The video was staged with the help of a "Covid-19 taskforce" who ensured safety regulations were taken into account - but the viewers were left unaware.
"Megan is such an incredible artist, so creative, so talented," says Orlando. "It took lots of planning and meetings but in the end the performance is so epic you don't even notice that everyone was socially distant, you are just blown away by her slaying the screen."
Best celebrity voyeurism: Drake - Toosie Slide
One of the joys of lockdown has been peeking inside celebrities' homes and judging their curtains.
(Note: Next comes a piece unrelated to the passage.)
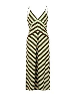 Abito MSGM midi in twill di viscosa con stampa “Jumbo Stripe”. Scollo a V con spalline fini. Chiusura con zip posterirore. Lunghezza sotto il ginocchio con fondo dritto. Fit regolare.

There's even a Twitter account dedicated to rating the living rooms of the rich and famous (Barbra Streisand received particularly high praise for her cushions).
But Drake took the gauntlet with the video for Toosie Slide, which follows the star around a Toronto mansion that's apparently the size of the British Museum.
Along the way, Drake showcases his collection of basketball jerseys, an array of music awards, an Andy Warhol painting of Mao Zedong, a flashy grand piano and a gigantic indoor swimming pool.
It all ends with a fireworks display for one, which is potentially the saddest thing you've ever seen.
Most perfect evocation of the existential angst from which we will never escape: Jessy Lanza - Over And Over
Riding up and down a deserted escalator is the stuff of most kids' dreams - but amidst the alienation of lockdown, the act of lonely repetition becomes infinitely more melancholy.
That's the mood Canadian alt-pop artist Jessy Lanza captured perfectly in the video for Over and Over, which was shot early one Friday morning in an empty mall in downtown San Francisco.
"Jessy had the song playing on headphones and did four takes going up and down the escalators," recalls Lanza's partner and collaborator Winston H Case. "Once I picked the take - which happened to be the second take - I put markers on the clip where I thought I could adjust the timing to enhance the moments to seem more synchronized with the music."
Case says working from one locked-off shot was "therapeutic" compared to the painstaking process of piecing together a normal music videos. And Lanza found the video shoot restorative, too.
"I was terrified of escalators as a kid so I'm happy to have come this far," she says.